Position of speakers: (distance to microphone) no information
Bandwidth: (if other than zero to half of sampling rate) 44100Hz ok
Number of channels and channel separation: 1 channel ok
Acoustical environment: home, ok
· Annotation (Textgrid label file):
Unambiguous spelling standard used in annotations: not given
Labeling symbols: mixed orthographic and phonetic, no definition given, not okay, probably a phonetic transcript using Praat internal phonetic coding
List of non-standard spellings (dialectal variation, names etc.): n.a.
Distinction of homographs which are no homophones: n.a.
Character set used in annotations: not defined, probably ASCII
Any other language dependent information as abbreviations etc: n.a.
Annotation manual, guidelines, instructions: no information, not okay
Description of quality assurance procedures: not given
Selection of annotators: not given
Training of annotators: not given
Annotation tools used: praat, ok
· Lexicon:
Format: n.a.
Text-to-phoneme procedure: n.a.
Explanation or reference to the phoneme set: n.a.
Phonological or higher order phenomena accounted in the phonemic transcriptions: n.a.
· Statistical information:
Frequency of sub-word units: phonemes (diphones, triphones, syllables,...): n.a.
Word frequency table: n.a.
· Others:
Any other essential language-dependent information or convention: n.a.
Indication of how many files were double-checked by the producer together with percentage of detected errors: not given
Status of documentation: incomplete
The following list contains all validation steps with the methodology and results.
Completeness of signal files: ok (but not all speakers have the same number of recordings)
Completeness of meta data files: ok
Completeness of annotation files: not all signalfiles were annotated (204 of 331 signalfiles were not annotated)
Correctness of file names: ok
Empty files: none
Status of signal, annotation and meta data files: n.a.
Cross checks of meta information: ok ?
Cross checks of summary listings: n.a.
Annotation and lexicon contents: no lexicon, n.a.
Due to the fact that the annotation in AsiCa has not been properly documented, a manual validation of annotation, i.e. the manual check of a random sample of annotations regarding the speech signal is not possible at the present state.
The status of copyright was not clear and seemed to be incorrect.
A website in Italian language was given in the README for information.
The DVD-structure of the corpus was not given and also the English version of the README-file was missing (was supplied by validator).

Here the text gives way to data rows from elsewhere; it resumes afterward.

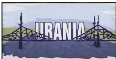
1. DS -
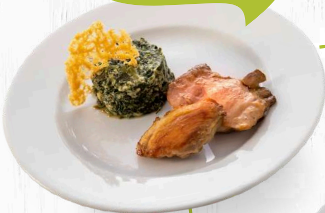
POLLASTRE & SUAU D'ESPINACS (370 grams)
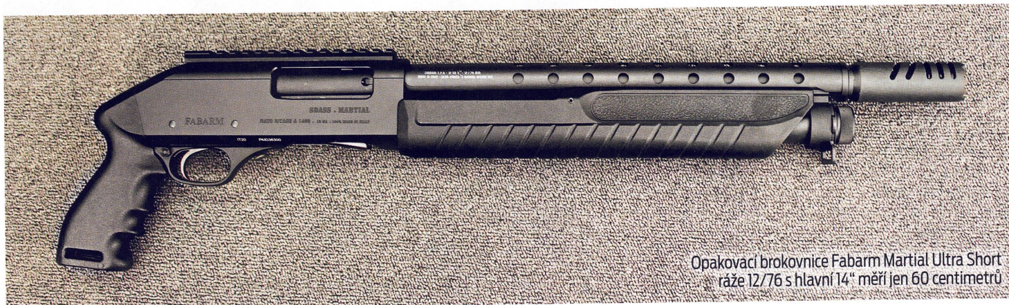
Opakovací brokovnice Fabarm Martial Ultra Short ráže 12/76 s hlavní 14" měří jen 60 centimetrů

Opakovací brokovnice italské zbrojovky Fabarm Martial Ultra Short ráže 12/76 s hlavní dlouhou necelých 360 milimetrů patří do kategorie „class of martial shotgun“, do třídy bojových brokovnic typu Home Defense (HD) či Law Enforcement.
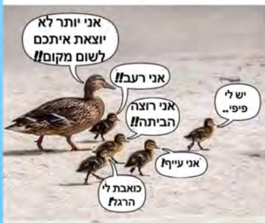
דיקטטורים גומרים רע, כדאי לזכור את זה

האמת שרציתי לומר תודה לשומר בקניון, על השמירה, ועל תחושת הביטחון שהוא משרה, אבל לא רציתי להעיר אותו בשביל זה.
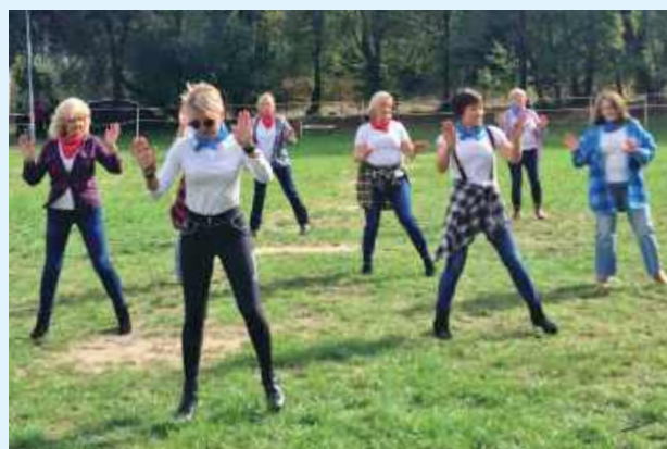
W zdrowym ciele zdrowy duch
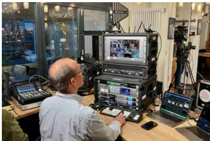
Ein Blick auf die sehr interessante Technik im Hintergrund des Live-Streams

ich mich dafür einsetzen würde, war ich sofort bereit dazu! Man sollte die Kinderinsel und die medizinische Grundversorgung, sowie eine exzellente Betreuung und Medizin für den Patienten unterstützen, denn Kinder sind unsere Zukunft. Spenden, die von außen kommen sind immens wichtig und da zählt jede Art von Engagement.“ Nach dem Verzieren der leckeren Plätzchen
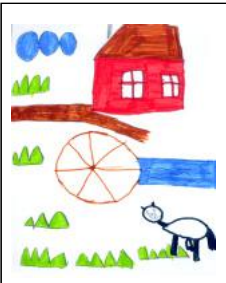
• Michalka Macková, 1. ročník

The indices of the filenaming is not clear: the numbers are self-explanatory, but 'a' is not defined. In the automatic validation some further unclarities appeared: Which range is defined for the two groups of age/generation? For example the age 37 can be found in group 1 and 2. Also there is no consistence in the naming of the speakers education (Italian and German terms are found).
The data structure of the corpus should be supplied by the creators and the status of copyright has to be cleared and added. The information about the annotation should be completed and more detailed. The filenaming, in particular the indices should be adjusted. Definition of the groups and consistence should be cleared (see above IV.).
The speech corpus AsiCa has been validated against general principles of good practise. The validation covered completeness and formal checks of the selected sub samples. The corpus has some good basic approaches but especially the annotation and its documentation is in need of improvement.
Because of this fact and other missing informations, the corpus is in moderate to poor condition for scientific and technical usage.